Search specific permutation of permutationsubset with constraints

Iam searching one permutation P consisting of p1...pn of following subset S.
S is defined of the Labels L.
L1...Lk. Where a L contains pi...pj.
Where the inverse of P has at most k-1 decreasing adjecent Elements. k <= n.
Example:
n := 4
k := 2
L1 := 1,2
L2 := 3,4
L := L1,L2,L1,L2
S := 1324,1423,2314,2413
one solution would be P := 1342
no solution would be P := 3142 because decreasing adjecent elements are 2 but only max1 ist allowed because k =2.
Exists therefor an algorithm to find P of S defined by L?
Currently I use bruteforce to figure one permutation P, but its getting very fast unusable slow.
So each of L1, ..., Lk is a consecutive set of elements.
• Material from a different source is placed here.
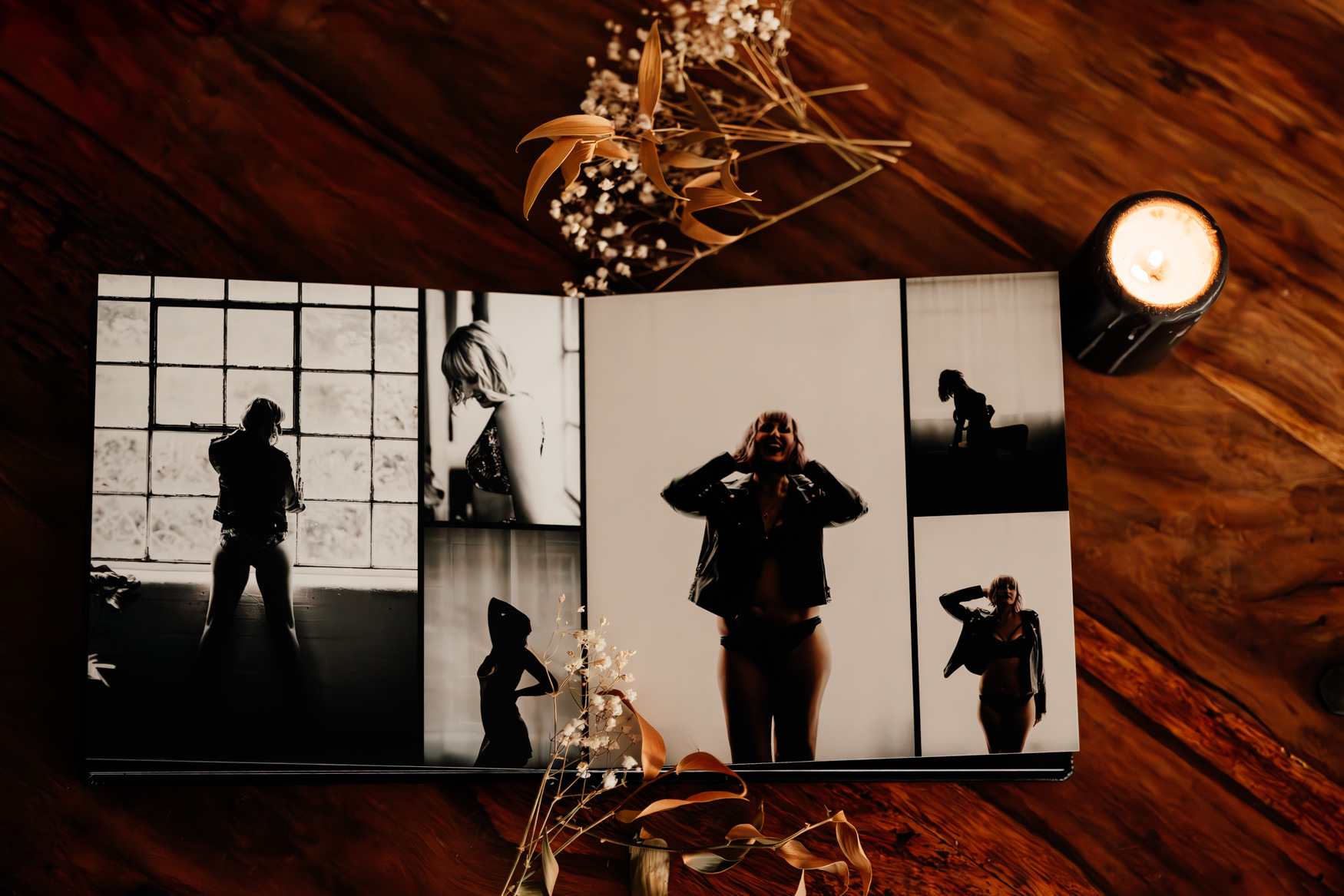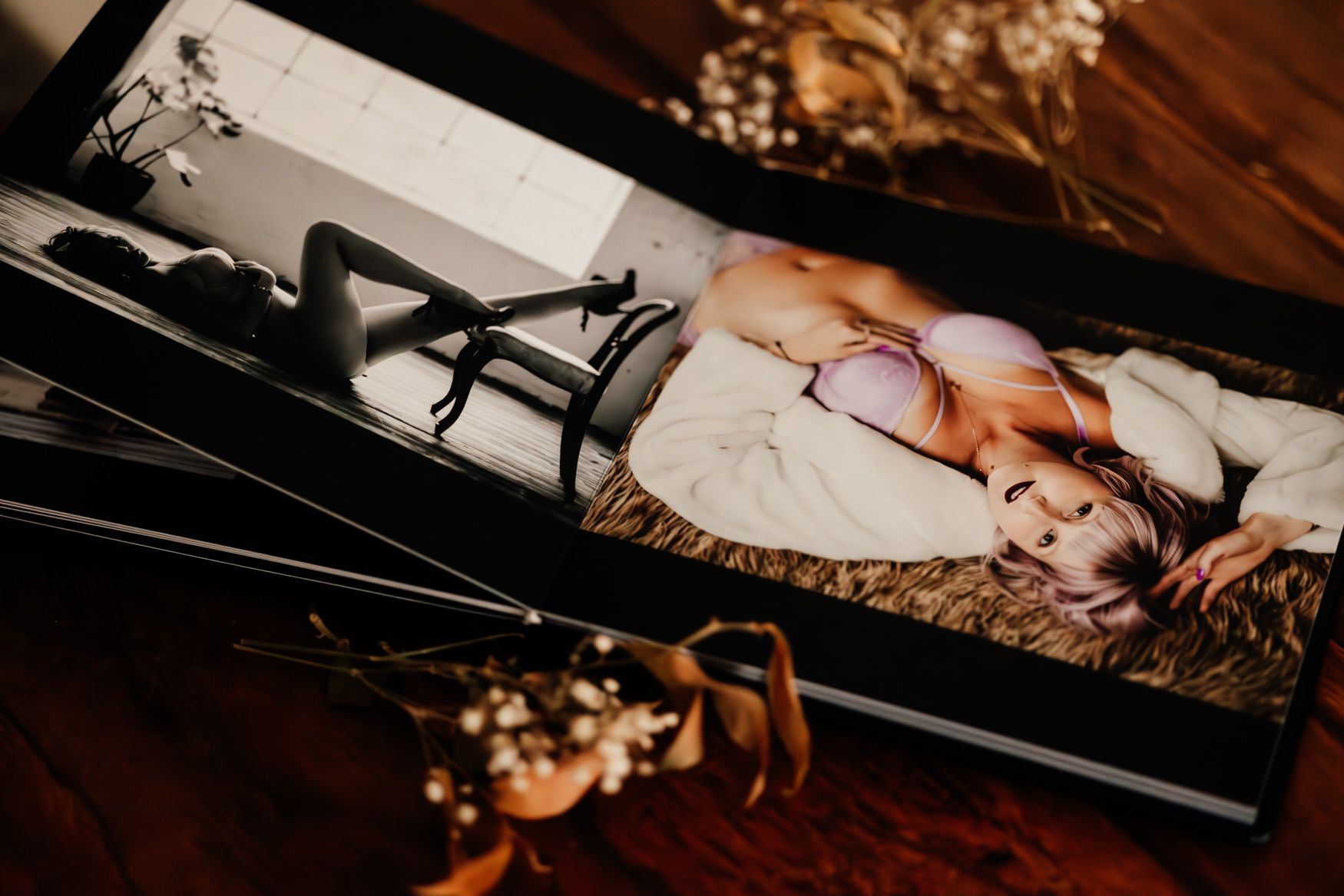 These high-quality 8×8″ boudoir albums lay flat and have a beautiful black leatherette cover. Your images will be printed on beautiful Fuji Silk paper and are seamlessly designed to flow throughout your album. These albums are handcrafted in the heart of Europe and you can usually expect to receive your finished product within two to three weeks of deciding which images to include.

At each place we see Li, Lj in the definition of L, one of three things is true:
i < j in which case it is ascending.
i = j in which case it could be ascending or descending.
i > j in which case it must be descending.
By counting the number of places where case 3 is true, we get a minimum number of descending elements already in the definition of L.
Next, for each Li we have a pattern we can write down with len(Li)-1 ; and , where a ; means that there are elements of other Ljs between two members of Li, and , means that Li elements are adjacent and so the order of the elements may result in a descent. We want to know, "For each possible number of descents within Li, how many permutations of Li have that number of descents?"
We will think of building the permutations as follows:
The first element goes at position 0.
The second element goes to position 0 or 1. (If at 0, the first element is moved.)
The third element goes to position 0, 1, or 2.
etc
A descent is when the next element is smaller than the previous, at a transition matching a ,.
We actually will want the following data structure for later use:
cache[Li] gives:
by how many elements are chosen:
by the last element chosen:
by the number of descents we will add:
how many ways of finishing this permutation
So we can write a recursive function that takes:
The pattern for Li.
How many elements have been chosen.
What index was last chosen.
It then returns a dictionary mapping descents to count of ways to finish the permutation for Li.
Memoize that and we get our desired data structure.
Now we'll repeat the idea. We want:
cache2[i] gives:
by number of descents to use:
how many permutations of L[i], L[i+1], ..., L[k] meet it.
Again we can write a recursive function using cache to calculate this, and we can memoize it to get cache2.
And NOW we can reverse the process.
We know how many descents came from the definition of L.
We know the distribution of remaining descents from cache2[1], so we can randomly pick how many descents there will be meeting our condition among L1...Lk.
For L1...Lk we can look at cache[L1][1][0] and cache2[i+1] to figure out how many descents there will be within Li with the correct probability.
For each Li we can look at how many descents we want to wind up with, its pattern, and cache2[Li] to figure out a random sequence of inserts winding up with the right pattern. The first insert is always at 0. After that you always know the size, and where the last insert was, and how many descents are left. So for each possiblenext insert you figure out if it counts as a descent (look at both pattern, and whether it is before the last insert), and the number of ways to finish from there. Then you can choose the next insert randomly with the right possibility.
For each Li we can turn the pattern of inserts into the list of values in order. (I will explain this step more.)
We can now follow the pattern of L and fill in all of the values.
Now for step 5, let's illustrate with your example from the chat. Suppose that L2 = [4, 5, 6] and the pattern of inserts we came up with was [0, 1, 0]. How do we figure out the arrangement of values?
Well first we do our inserts:
[1]
[1, 2]
[3, 1, 2]
This says that the first element (4) goes to the third place, the second (5) to the first, and the third (6) to the second. So our permutation for L2 is [5, 6, 4].
This will be a lot of code to write. But it will be polynomial. Specifically if m is the count of the most common label, cache will have total size at most O(k m^2). Thanks to memoization, each entry takes O(m) to calculate. Everything else is small relative to that. So total space is O(k m^2) and time is O(k m^3).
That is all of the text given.